» WHAT NEEDS TO BE DONE
The whole listing, please: repeat it exactly, with the pictures left out.

» INFORMATION PROVIDED
==========
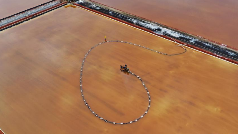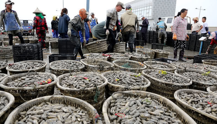2019年7月9日,漁民們在江蘇連云港沿海地區(qū)海邊的灘涂上將剛收獲的海蟶運送上岸裝箱外運。
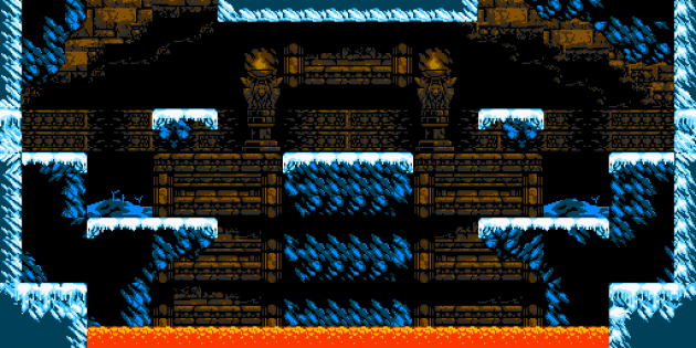 The cold, slow grind of progress continues. Every 12 seconds, the stage’s shape will change due to the moving glaciers. When the ground starts shaking, get ready to move to avoid being crushed or swallowed up by lava!
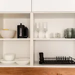 - ❓Is there a kitchen available at the apartment for guest use?Yes, the apartment is furnished with a fully-fitted kitchen and offers a microwave, coffee and tea making machines, and a refrigerator as well.
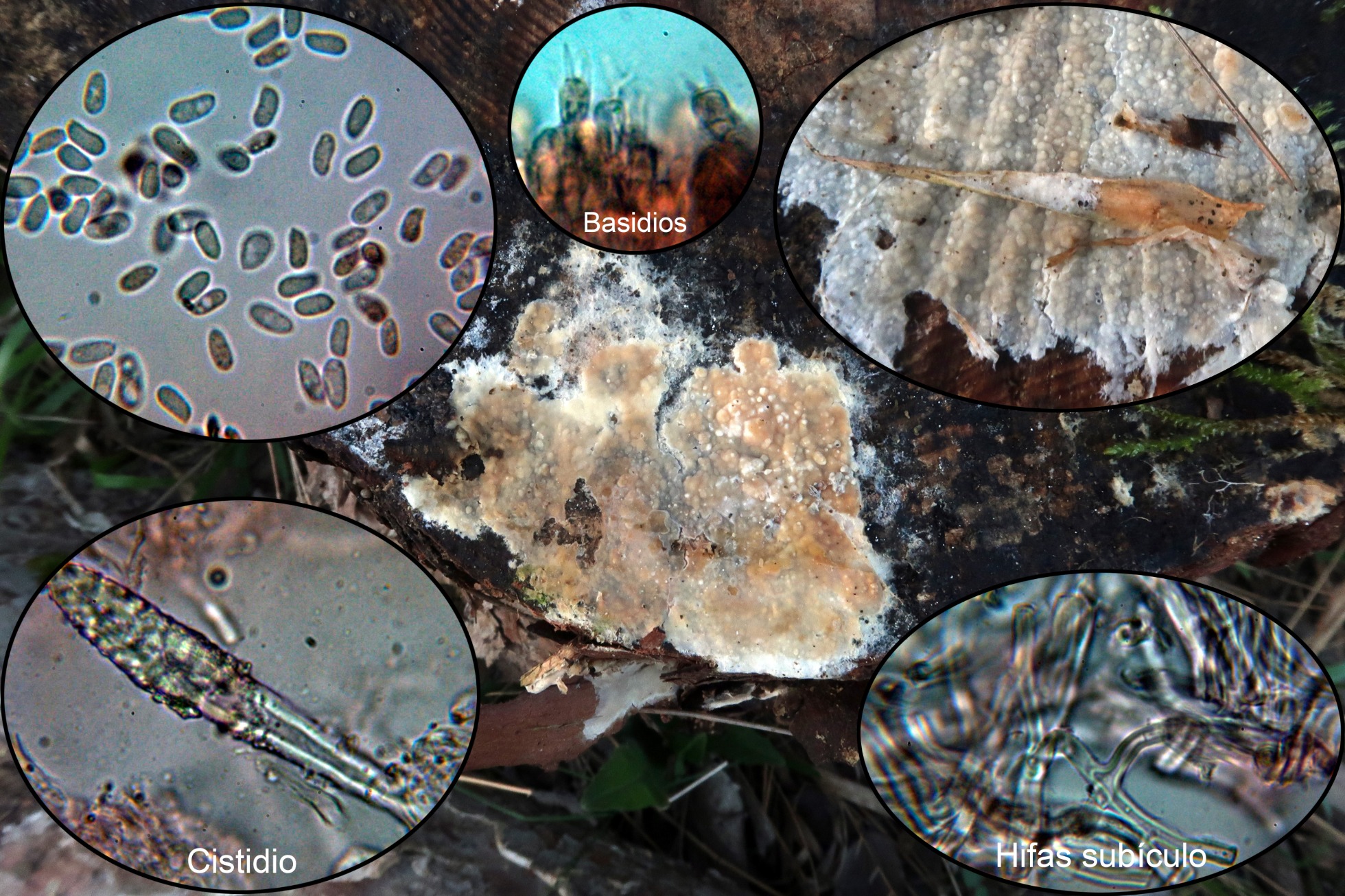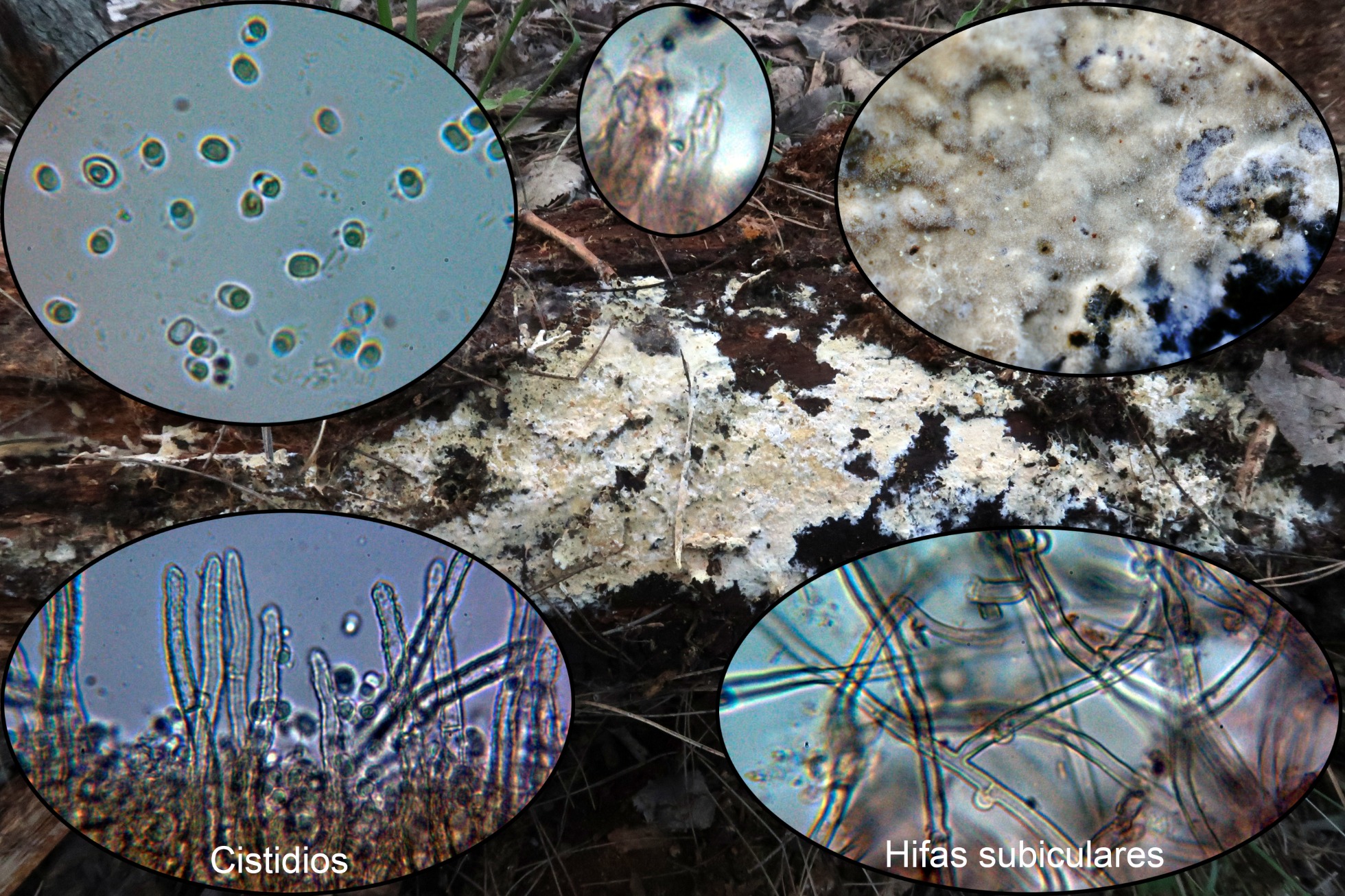 Un Corticial que ya es la cuarta vez que lo paso por el micro, la Hyphodontia pallidula
==========
» RESPONSE AREA
2019年7月9日,漁民們在江蘇連云港沿海地區(qū)海邊的灘涂上將剛收獲的海蟶運送上岸裝箱外運。
 The cold, slow grind of progress continues. Every 12 seconds, the stage’s shape will change due to the moving glaciers. When the ground starts shaking, get ready to move to avoid being crushed or swallowed up by lava!
 - ❓Is there a kitchen available at the apartment for guest use?Yes, the apartment is furnished with a fully-fitted kitchen and offers a microwave, coffee and tea making machines, and a refrigerator as well.
 Un Corticial que ya es la cuarta vez que lo paso por el micro, la Hyphodontia pallidula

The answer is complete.